For purposes of this subparagraph (v) your Termination Date is a “qualifying event” date under the Consolidated Omnibus Budget Reconciliation Act of 1985 (“COBRA”). As such, if you or your covered family members elect to continue coverage under the Company’s health and dental plans, the maximum COBRA coverage period will begin on this date.

b. If your employment is terminated by the Company with Cause or by you for any reason, then the Company shall have no further payment obligations to you other than (i) for payment of the Accrued Obligations, and (ii) as otherwise required under COBRA.

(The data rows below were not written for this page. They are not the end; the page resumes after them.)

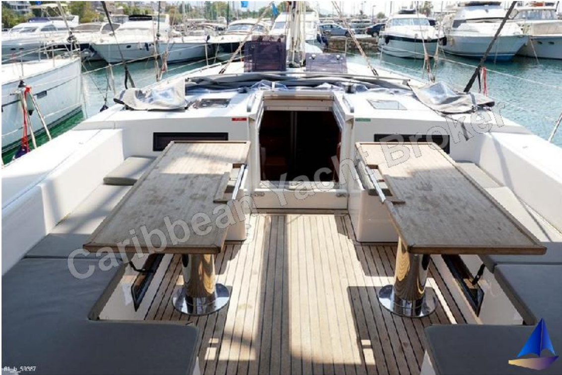
Cockpit / Bavaria C 57 - 2019
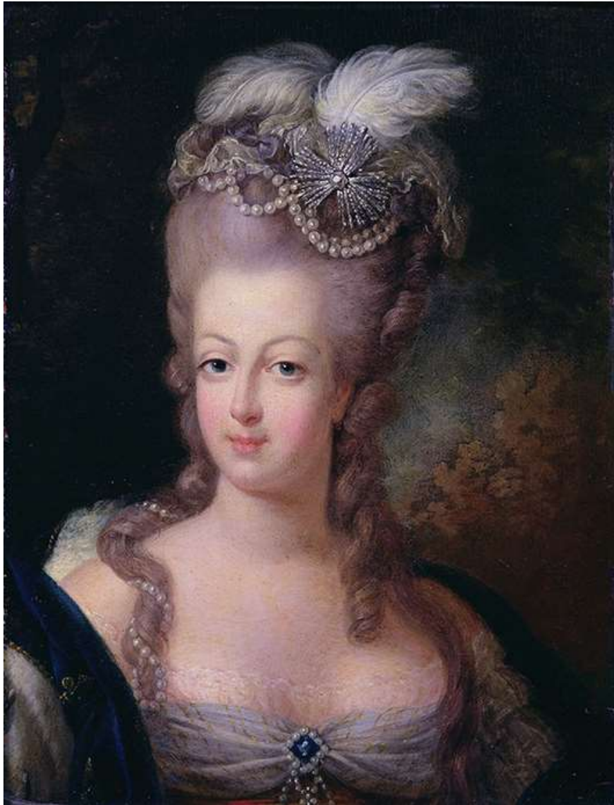
Imagen 29. Horquillas dobles.

El tocado en algunas ocasiones se decoraba con objetos inimaginables como un barco con las velas desplegadas, un molino de viento con animales de granja alrededor hasta incluso un jardín con flores naturales o artificiales. De igual manera, podía cubrirse también con un sombrero.
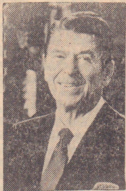
நிராகரிப்பையும் செல்லுபடியாக்க முற்பட்டார்.

ஆனால் அமெரிக்க காங்கிரஸின் செனட், மற்றும் மக்கள் பிரதிநிதிகள் சபை ஆகிய இரண்டும் கூட்டாக திரு.
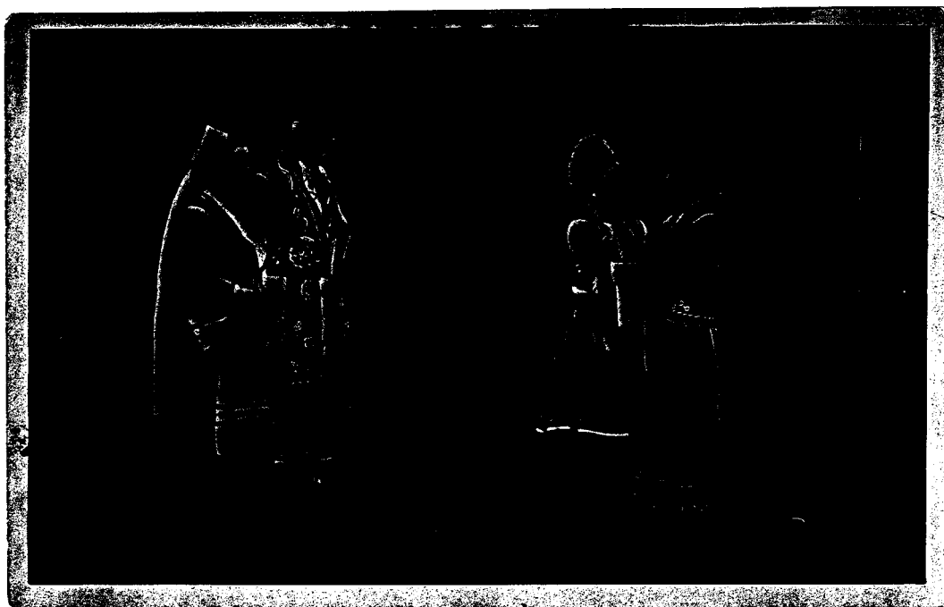
Kylänheittiö -näytelmä 1950-luvulla.

Teatterin esitysrepertuaari oli varsin laaja ulottuen tunnetuista suomalaisista tuntemattomampiin ulkomaalaisiin näytelmiin, farsseista ja draamoista laulunäytelmiin, kuten esim. “Papin perhe”, “Kylän heittiö”, “Hevospaimen”, “Kylä vuorten takana”, ja “Kaksikymmentäneljä tulipunaista ruusua” (M224, N525). Samana vuonna saattoi olla useitakin ensi-iltoja. Koko toiminta-aikanaan teatteri tuotti yli 20 kokoillan näytelmää (Jokinen 1988b: 259). Tehtaan teatteri esitti samoja näytelmiä, joita näyteltiin suurilla lavoilla kuten Kansallisteatterissa, mutta se uskalsi ottaa ohjelmistonsa myös tuntemattomampiakin kappaleita.
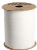
Presentsnöre 44-4372, 19,90 kr
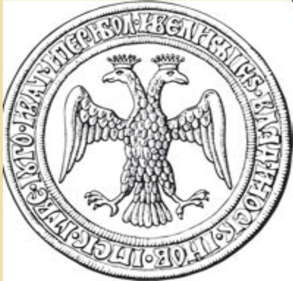
Прорисовка великокняжеской печати, датируемой 1497 годом
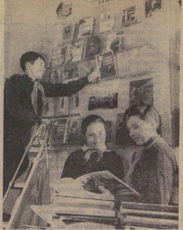
У ребят московской школы № 7 в библиотеке есть своё издательство «Маяк». — Какие книги выпускает оно? — спрашивает вы. Пионеры собирают вырезки из газет, журналов и делают книги. Их «вышла в свет» уже тысяча. В классах ребята устроили выставки книг о Владимире Ильиче Ленине. Есть и свои книгогощи. Они разносят книги взрослым читателям.
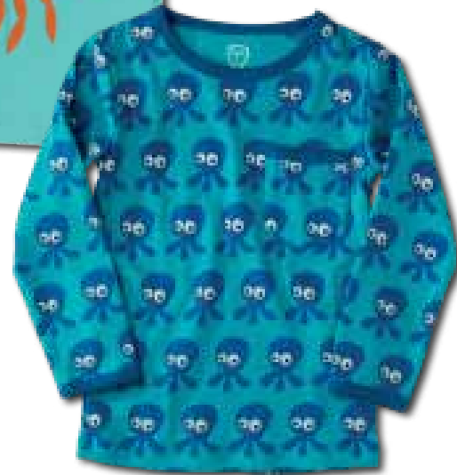
Ubang Jolly Crab Krebs Shirt Interaktivshirt - Spielshirt „Hebe den Arm und der Krebs schnappt zu ej sikke lej Retrosshirt Gesehen bei Kleine Lachmöwe Bundesstr. 22, 25693 Trennewurth T 04857 - 90 16 03
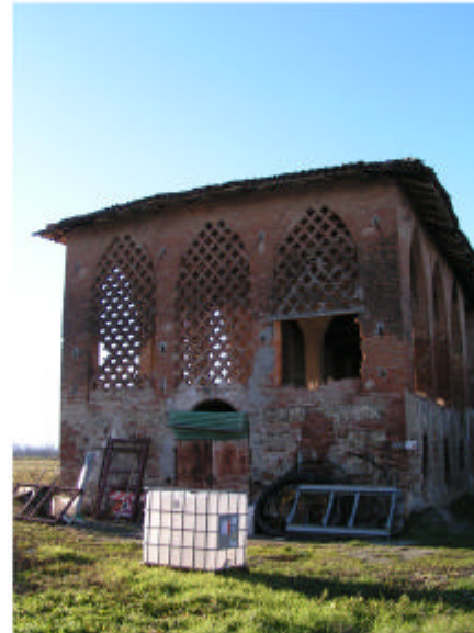
7. Edificio 2. Fronte est
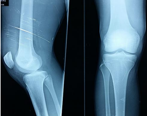
Figure 2: Aspect radiologique
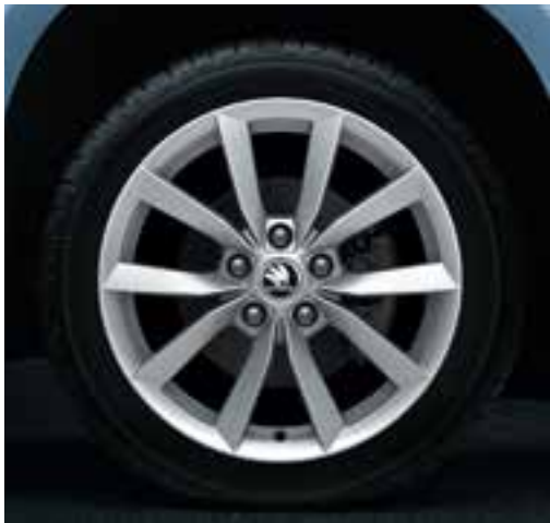
Kolo z lehké slitiny Scudo 7,0J x 17" pro pneumatiky 225/50 R17, ve stříbrné barvě (5L0 071 497M 8Z8)
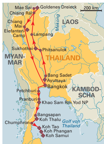
13 Tage „Große Thailand Rundreise“ Deutschsprachige Reiseleitung, ab Bangkok /bis Koh Samui, S. 115
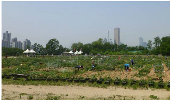
ソウル市ノル塔島の市民農園 (先に見えるのは汝矣島(ヨイド)にある最近まで韓国一の高さを誇った63ビル)

ところが、この隣国同士、このような制度や政策の仕組みなどについて情報交流をすることはこれまであまりなかったのではないだろうか。この背景には我が国が欧米ばかりを見てきた傾向があることは前述したが、よく見てみると我が国にとって本当に役立つ情報は、実は身近な隣国にあるのかもしれない。外交問題はいろいろ課題のある両国だが、都市農業問題についてはよりよい都市農業のため互いに交流、連携するところは多々あると思うのである。
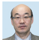
垂水 弘夫 教授

排湿外壁構造の実用化は、建築が設備の稼働に頼らず、内外の水蒸気圧力差を活用して、まさに自律的に屋内の湿気問題を解消できる点で、時代が要求する低炭素建築・低炭素社会の構築に寄与する方途の一つと考えられる。
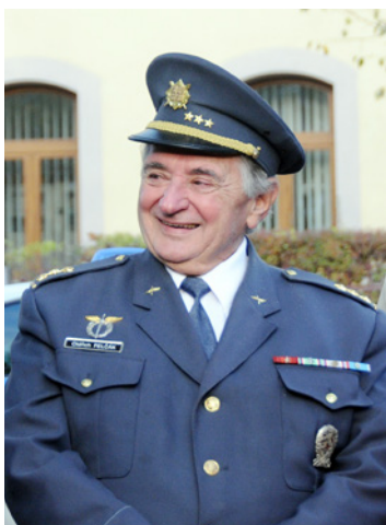
Vysazení Lípy republiky byl přítomen i pplk. letec kosmonaut Oldřich Pelčák.

V letošním roce, a právě v říjnu, je to plných 100 let od okamžiku, kdy vznikl samostatný stát Čechů a Slováků, tedy Československá republika. Nejvýznamnější dějinný okamžik dvou sobě nejbližších slovanských národů tak bude pro další generace připomínat právě na tomto místě symbolický národní strom.
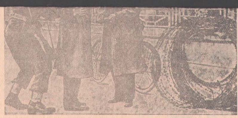
К положению на острове Кипр. Вооруженные английские солдаты задерживают на улицах Никозии прохожих и производят обыски. На снимке: обыск юноши на улице Никозии.

Она пробудет в Тегеране четыре дня и затем вылетит в Карачи. ▲ Вчера в Рангуне закончила свою работу всебирманская конференция сторонников мира. В принятых резолюциях конференция выступила за ликвидацию СЕАТО и Багдадского военных пактов и призвала Таиланд, Пакистан и Филиппины присоединиться к другим странам Азии и Африки в деле заключения пакта коллективной безопасности. Конференция высказалась за использование атомной энергии только в мирных целях и обратилась к великим державам с призывом найти пути к разоружению. 24 марта. (ТАСС).
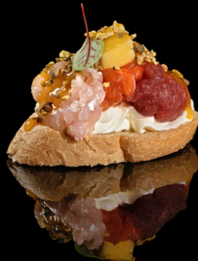
83. TAPAS TROPICAL IPZ € 3.50

Tapas con salmone affumicato, rucola, philadelphia olio oliva, sale e pepe. Allergeni: 1, 4, 7, 8
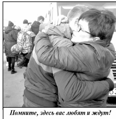
Помните, здесь вас любят и ждут!

Наступил самый трогательный момент - короткое, но проникновенное
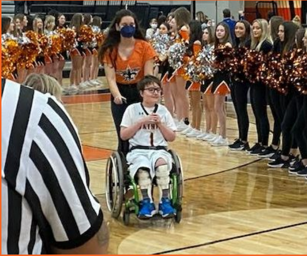
ISO Juego Grande
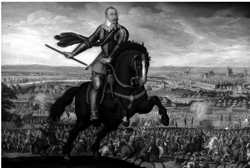
Шведский король Густав II Адольф на поле сражения при Брейтенфельде в 1631 г. Картина Иоганна Якоба Вальтера, 1632 г., из собрания Музея изобразительного искусства Страсбурга

Во многом, данный артикул базировался на римском праве, с дополнениями из нидерландского и германского права 1 .
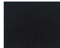
107 Dark brown
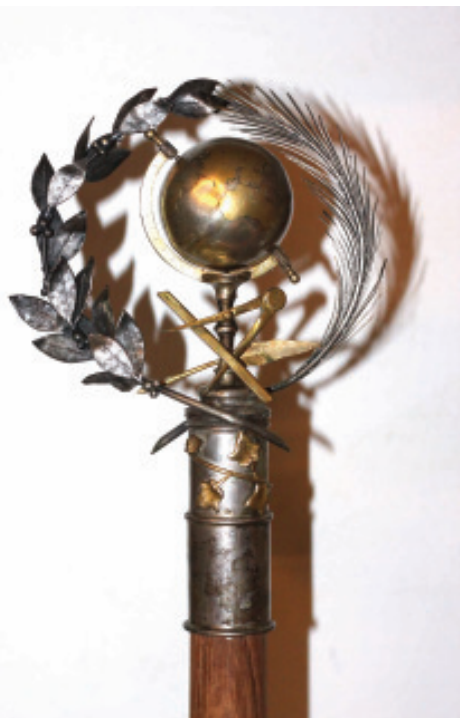
Fig. 3.- Cimeira masónica da bandeira das Escuelas García Hermanos . Museo das Mariñas.

A seguinte terraza, a do Muro das Viaxes 13 , será a que se corresponda cos coñecementos do compañeiro masón, mentres que a terraza do León Colosal, unha das imaxes máis
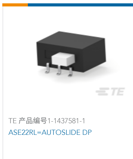
TE 产品编号1-1437581-1 ASE22RL=AUTOSLIDE DP
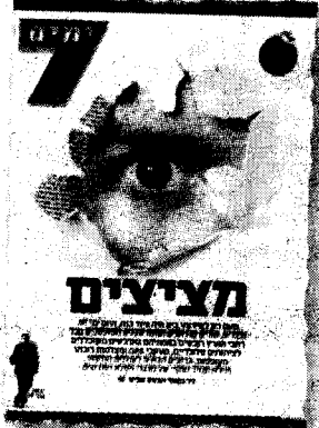
נובמבר 2010: התוכנה נחשפת במוסף "7 ימים"

החליטה המשטרה לשים יום האחרונים פשטו חוקי הארצית לחקירות הונאה 1 משרדי חקירות ובתי עסק תוכנות הריגול המיועדות כמים (סמארטפונים). 22 ירו, מרביתם חוקרים פרי, בחשד שהפיצו והתקינו לצורך האזנת סתר, פגיעה ירה לחומר מחשב וקשירת פשע.
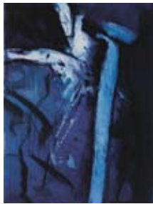
26 Early mornign in New Canaan, 1999 Radierung/Aquatinta 29cm x 21,5cm
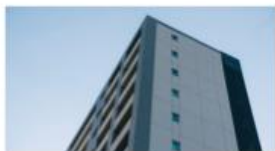
PARK AXIS 神楽坂・早稲田通り

c. If your employment is terminated due to your death or Disability (as defined below), the Company shall have no further payment obligations to you (or your legal representative, as applicable) other than for: (i) payment of the Accrued Obligations; (ii) payment equal to the amount of your target Annual Bonus for the year in which the death or Disability occurs, prorated for the number of whole months you were employed during such year, subject to paragraph 5a below; (iii) continuance of benefits under the Company’s welfare benefit plans in which you or your covered family members are participating through the Termination Date; and (iv) as otherwise required under COBRA.

d. As used herein, the term “Cause” means (i) the willful failure by you to perform such duties as are reasonably requested by the Company’s Chief Executive Officer, and such failure shall have continued for a period of ten (10) days after the Company gives written notice to you specifying such failure, (ii) the failure by you to observe material Company policies generally applicable to employees of the Company, (iii) gross negligence or willful misconduct by you in the performance of your duties as an employee of the Company, (iv) the commission by you of any act of fraud, theft or financial dishonesty with respect to the Company, (v) your indictment, conviction of, or pleading no contest or nolo contendere to, any felony or a lesser crime involving dishonesty or moral turpitude, (vi) breach of any material provision of this agreement or any other agreements with the Company, (vii) your failure to obtain or retain any permits, licenses or approvals which may be required by any state or local authorities in order to permit you to continue employment in the ordinary course with the Company, (viii) any act or omission by you that is materially injurious (financially or otherwise) to the Company or its reputation, (ix) your chronic absenteeism or (x) the use of alcohol in the workplace, including being under the influence of alcohol in the workplace, or any illegal drug use by you. The Board shall determine whether Cause for termination exists.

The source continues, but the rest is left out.